A latter-day contender for the title, Joe Canning of Galway, has earned two All-Ireland minor medals and a man-of-the-match performance in the All-Ireland club final while still U18.
Witnesses for the prosecution and the defence? Sean Óg Ó Ceallacháin, who has seen them all over the past 60 years, rates Canning very highly.
“Recently I think Galway have had some very good minors, good enough to stand with anyone — certainly the full-forward, Joe Canning, had a brilliant minor career. A big man, a good free-taker — he has the lot.”
As with any judge, Ó Ceallacháin has other favourites who mightn’t be as well known.
“Des Foley of St Vincent’s and Dublin was an outstanding minor, he would have impressed a lot of observers in the late 50s.
“The best dual minor I ever saw was Vinnie Bell of Dublin — he played minor three years in a row, 1952-4. He didn’t make it at senior level, though.
“But not as good as Jimmy Doyle in hurling. Jimmy was out on his own as a hurler.”
Micheál Ó Muircheartaigh agrees with Sean Óg on both counts.
“I remember Vinny Bell, and there was another star with him, Aidan Kavanagh. They won All-Ireland minor hurling and football medals in the one year, but Bell was also a gifted basketball player. And a good golfer.
“He never really made it as a senior, though he was a minor in 1954 and should have come on stream in the late 50s and early 60s, when Dublin’s senior team was strong. But he was very, very good.
“Ray Reidy was another great minor for Tipperary. He won medals in 1953 and 1955, though they lost to Dublin in 1954. And he was centre-back for those three years, which is something for a 16-year-old. He had to be exceptional, and he was, and there was as much talk about him as there was about Jimmy Doyle — but he went away to the priesthood.

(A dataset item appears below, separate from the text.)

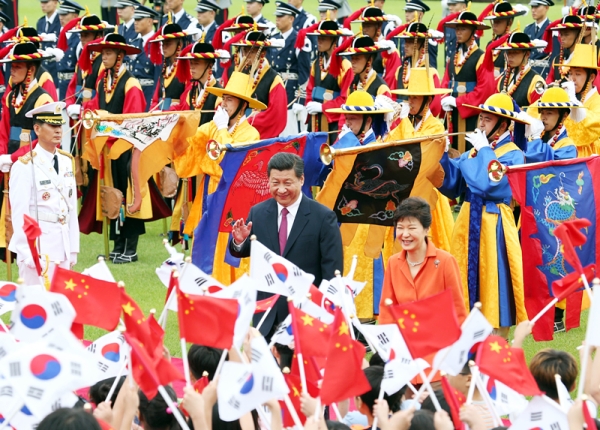 (7月3日,国家主席习近平在首尔同韩国总统朴槿惠举行会谈。会谈前,朴槿惠在青瓦台总统府为习近平举行隆重欢迎仪式。 摄影姚大伟)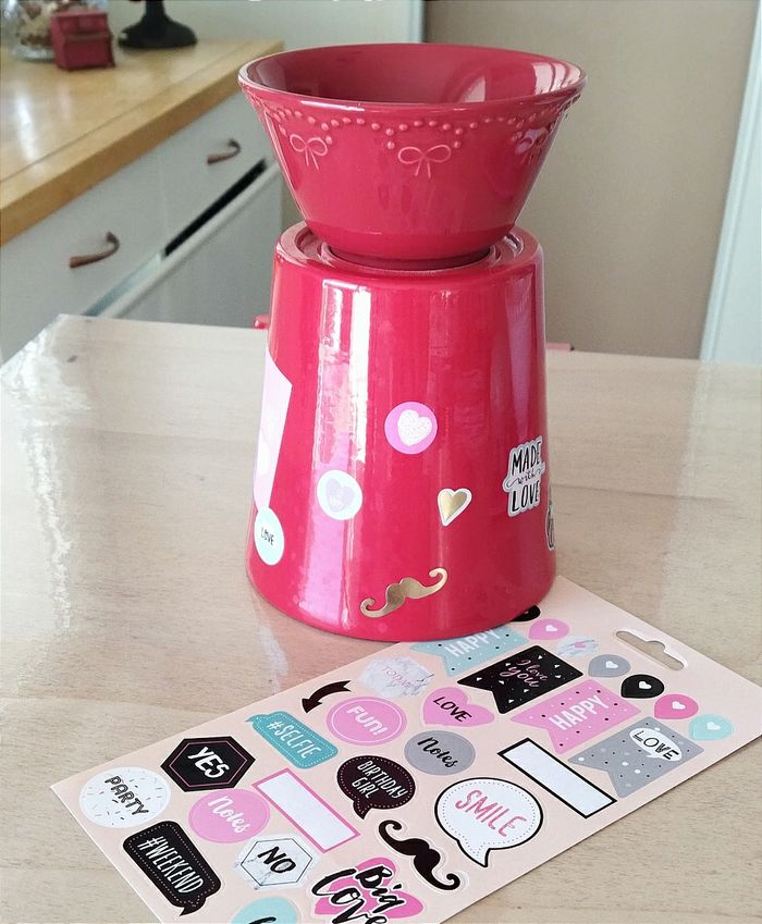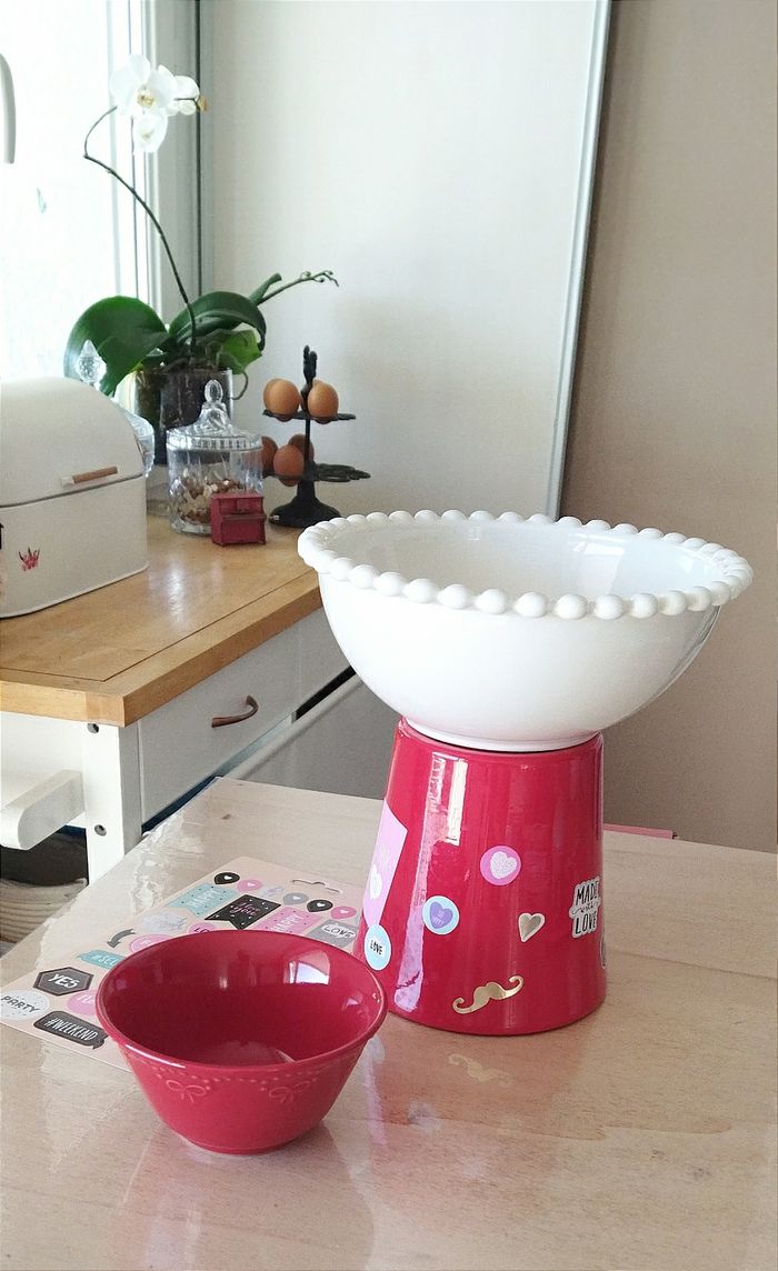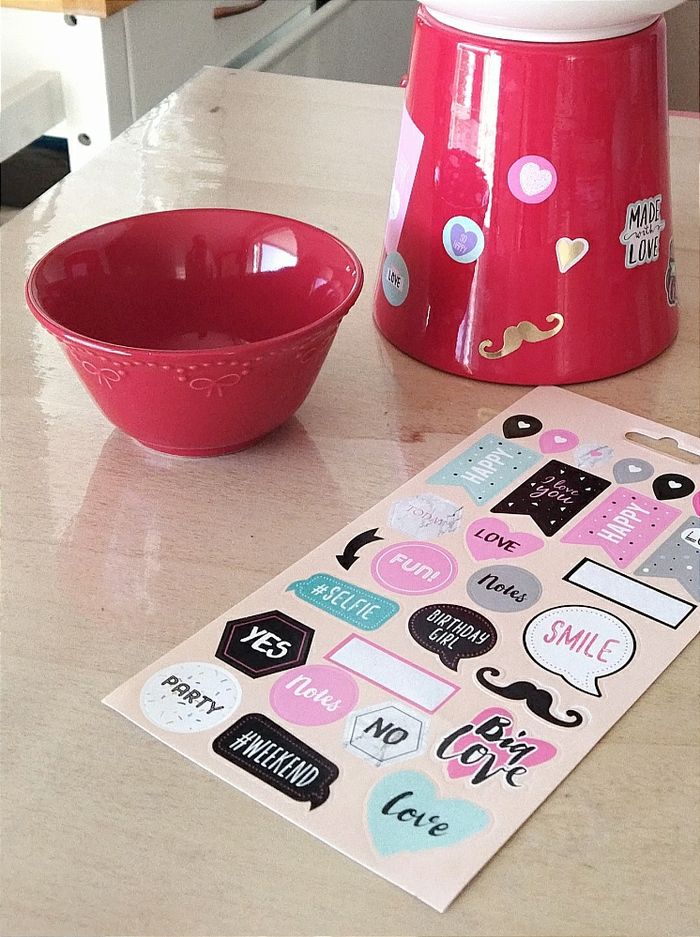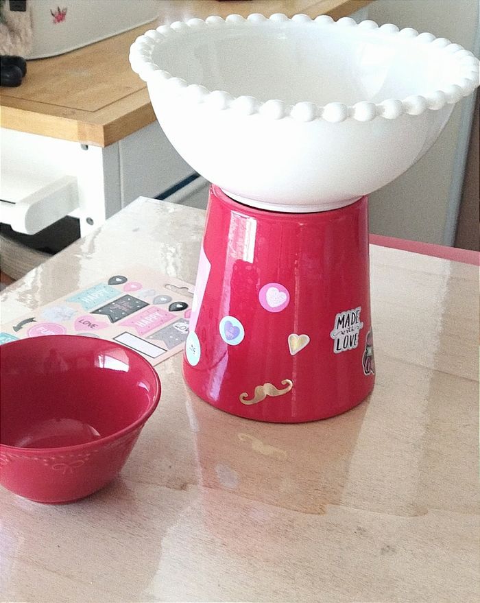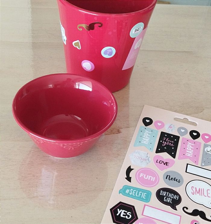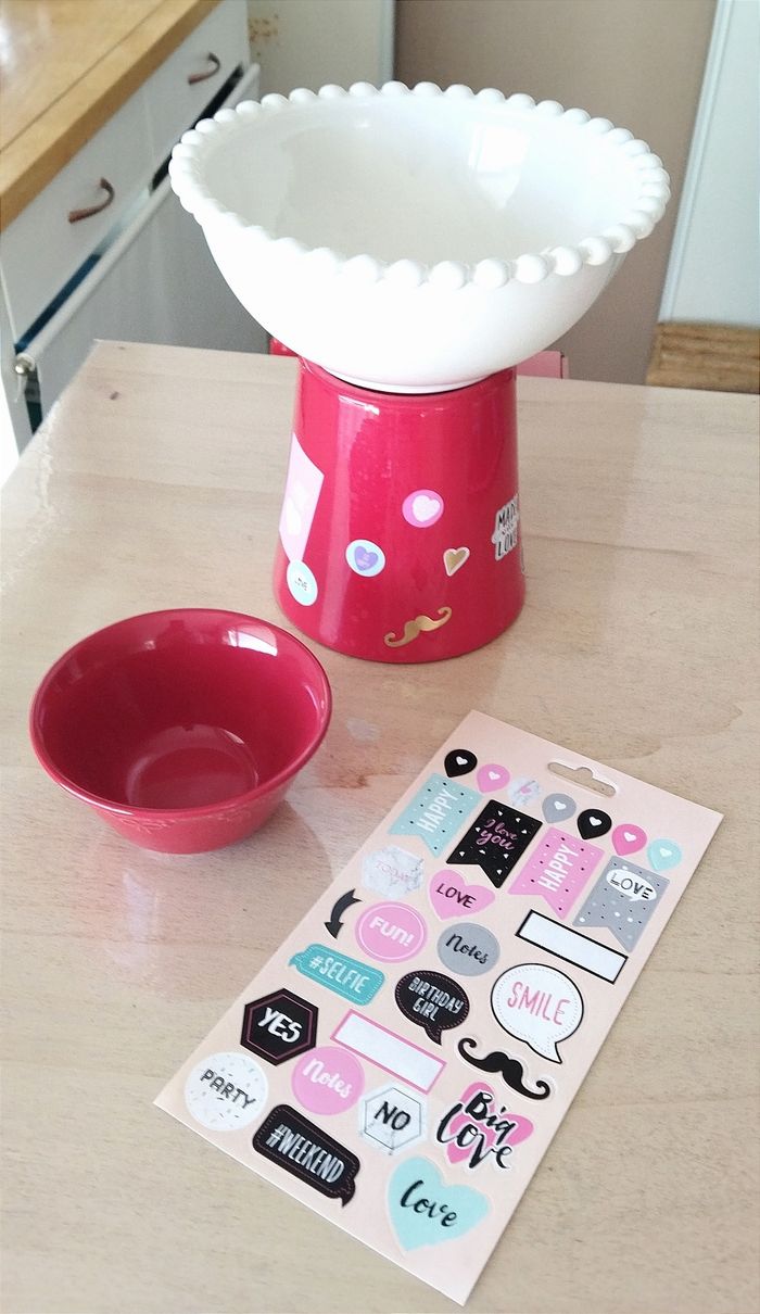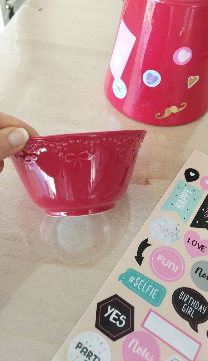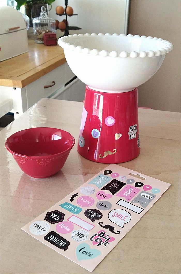 Lot rouge. 1 bol en céramique et un cache pot. + Une planche d'autocollants Idéal pour Noël ou St Valentin à mettre sur la table pour servir des gressins avec sa sauce.

“You’d have heard about a lot of lads that they’d have been great hurlers if they hadn’t gone into the priests, but Ray would certainly have been a great player. He might have played a bit of senior when he was on holidays, but there was a link to the great Tipp team, anyway: his sister married John Doyle.”
Ó Muircheartaigh rates Billy Duffy, a Galway minor of the 50s, very highly as well, but in the end he agrees on the top man.
“Jimmy Doyle was exceptional alright. He was the best I’ve seen.”
Brendan Larkin of this parish has spent nigh on 50 years watching minors; that puts him just outside Doyle’s reign at U18, but he’s seen good ones since.
“Eamonn Grimes and DJ Carey were very good, I thought. So was John Reddan of Clare, even though he didn’t have a long career at senior.
“Two of the best were pretty recent, Andrew O’Shaughnessy of Limerick and Joe Canning of Galway. But for pure hurling I’d go for Corney Mulcahy of Cork. He was a minor for four years in a row in the early 60s and he was a genius.”
Sean Costigan of Tipperary plumped for Jimmy Doyle and Eddie Keher in that order. Michael Ellard of these parts held Johnny Clifford of Cork in high esteem.
Perhaps we should have redrawn the parameters a little, and asked for everyone’s second-best minor of all time; the crew-cutted left-hander from Thurles settled that other argument pretty convincingly.